In der geplanten Serie könnten nun aber einige dieser Sequel-Ideen Verwendung finden, wie Lake, der als Ausführender Produzent aktiv in die Adaption involviert sein soll, in Aussicht stellte. Wie die Geschichte des Spiels auf die Serie übertragen wird und wo genau deren Handlung ansetzt, ist noch nicht bekannt, doch soll es wohl keine haarkleine Eins-zu-eins-Adaption werden: „Die Story des Originalspiels ist unser Ausgangspunkt, die Saat, aus der die größere Geschichte wachsen wird, die wir in der Serie erforschen wollen“, so Lake. „Wir werden die Hintergründe dieses verrückten und düsteren Universums ausweiten und tiefer in bestimmte Aspekte abtauchen, als es das Spiel je getan hat.“
Die geeignete Erfahrung
Als Produktionsfirma ist Contradiction Films an der „Alan Wake“-Serie beteiligt, die schon mit der Web-Serie „Mortal Kombat: Legacy“ und den beiden „Dead Rising“-Filmen für vielbeachtete Videospiel-Adaptionen verantwortlich zeichneten.

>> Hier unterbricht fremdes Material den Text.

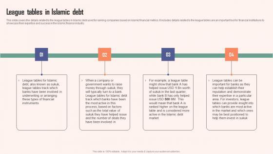 This slide covers the details related to the league tables in Islamic debt used for ranking companies based on Islamic financial metrics. It includes details related to the league tables are an important tool for financial institutions to showcase their expertise and success in the Islamic finance industry. Want to ace your presentation in front of a live audience Our League Tables In Islamic Debt Comprehensive Guide Islamic Pictures PDF can help you do that by engaging all the users towards you. Slidegeeks experts have put their efforts and expertise into creating these impeccable powerpoint presentations so that you can communicate your ideas clearly. Moreover, all the templates are customizable, and easy-to-edit and downloadable. Use these for both personal and commercial use. This slide covers the details related to the league tables in Islamic debt used for ranking companies based on Islamic financial metrics. It includes details related to the league tables are an important tool for financial institutions to showcase their expertise and success in the Islamic finance industry.

Contradiction-Chef Tomas Harlan outete sich nun nicht nur als riesiger „Alan Wake“-Fan, sondern glaubt auch, dass eine Serie ein wesentlicher besserer Weg sei, Videospiele zu adaptieren, als etwa Filme: „Wie kann man eine zehn- bis 40-stündige Erfahrung auf 90 Minuten runterbrechen?“, fragt Harlan, nur um direkt selbst zu antworten: „Ich glaube nicht, dass das geht“.
Hinzu kommt, dass schon die Spielvorlage in Sachen Struktur wie eine TV-Serie daherkommt. So sind die einzelnen Abschnitte in mehrere Episoden eingeteilt, an deren Beginn stets noch einmal zusammengefasst wird, „was bisher geschah“. Auch abseits dessen (und der fiktiven TV-Shows innerhalb der Spiele) hat Remedy übrigens schon ein wenig Serien-Erfahrung vorzuweisen. Für „Quantum Break“ ließ das Studio seinerzeit längere Zwischensequenzen mit echten Schauspielern produzieren, die die Geschichte des Spiels ergänzen.
Bislang steht noch nicht fest, wann und wo „Alan Wake“ erscheinen wird. Wie Harlan aber verriet, wird man sich im Oktober 2018 mit einem von TV-Autor Peter Calloway („Legion“, „Under The Dome“) ausgearbeiteten Konzept an mehrere mögliche Anbieter wenden. Verschiedene Studios hätten Harlan zufolge außerdem schon jetzt Interesse an dem Projekt bekundet.